_Source records_
■ ■ ■ ■ ■
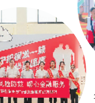
“普及金融知识万里行”父亲节特别活动
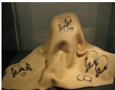
Stranče – Vinodol, starohrvatsko groblje na Gorici
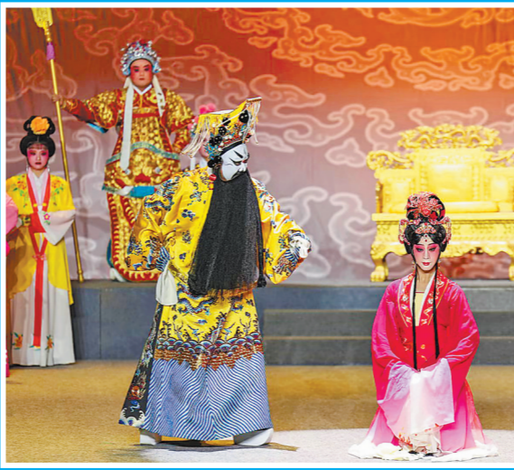
晋江市苑央高甲戏剧团的高甲戏《西施》

15日至25日,第四届全国民营剧团优秀剧目展演在晋江市举行。全国民营剧团优秀剧目展演是中国戏剧家协会于2018年发起的第一个全国性民营戏剧交流展示平台。此次展演,共有来自全国各地的14家优秀民营剧团携经典剧目一展芳华,其中我省3个民间剧团入选。
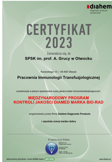
Certyfikat Pracowni Immunologii Transfuzjologicznej 2023 r.
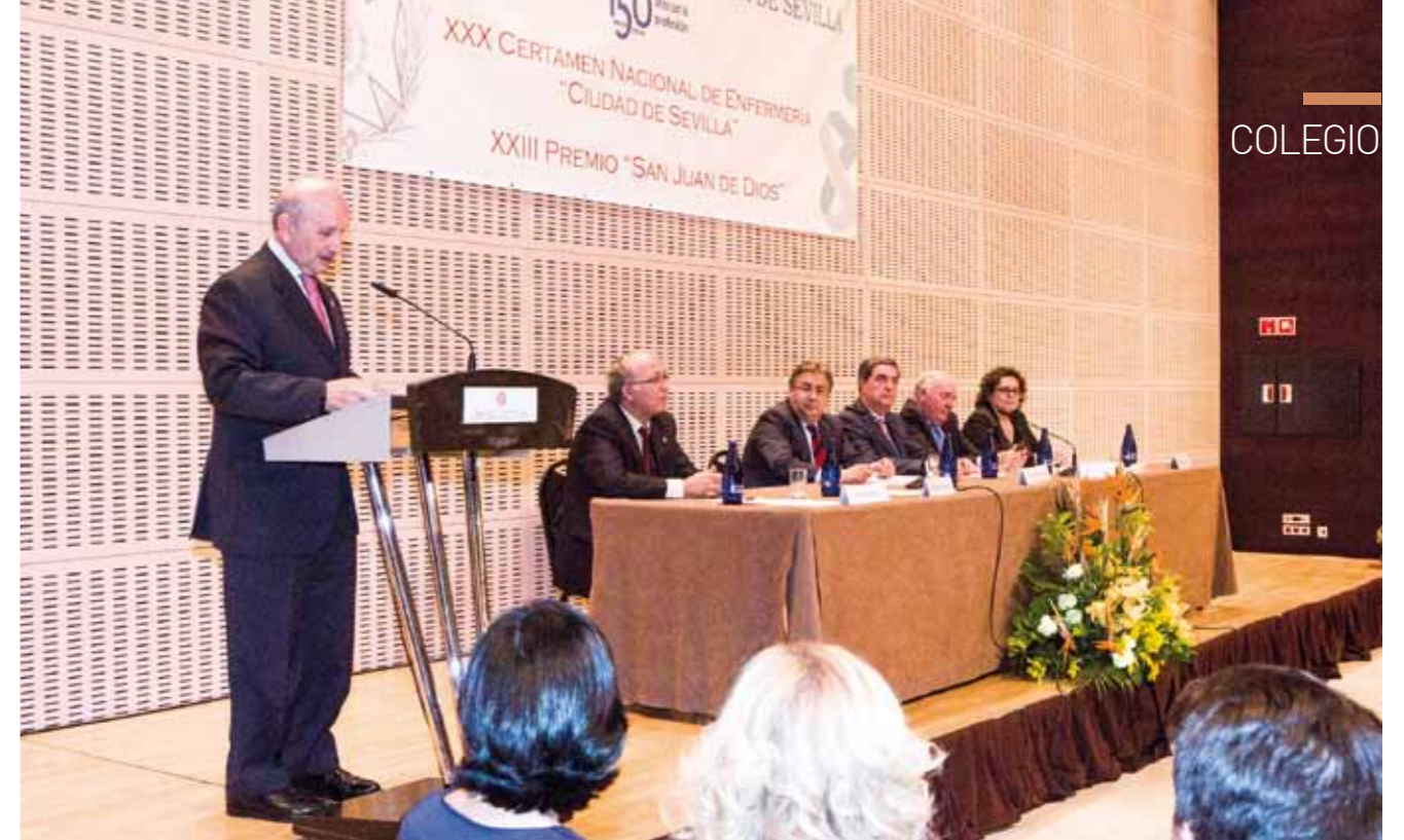
▲ El presidente de la Enfermería durante su discurso.
■ ■ ■ ■ ■
_ASSIGNMENT_
Would you write out an exact copy of the entries above, with no images?

_ANSWER SPACE_
“普及金融知识万里行”父亲节特别活动
Stranče – Vinodol, starohrvatsko groblje na Gorici
晋江市苑央高甲戏剧团的高甲戏《西施》

15日至25日,第四届全国民营剧团优秀剧目展演在晋江市举行。全国民营剧团优秀剧目展演是中国戏剧家协会于2018年发起的第一个全国性民营戏剧交流展示平台。此次展演,共有来自全国各地的14家优秀民营剧团携经典剧目一展芳华,其中我省3个民间剧团入选。
Certyfikat Pracowni Immunologii Transfuzjologicznej 2023 r.
▲ El presidente de la Enfermería durante su discurso.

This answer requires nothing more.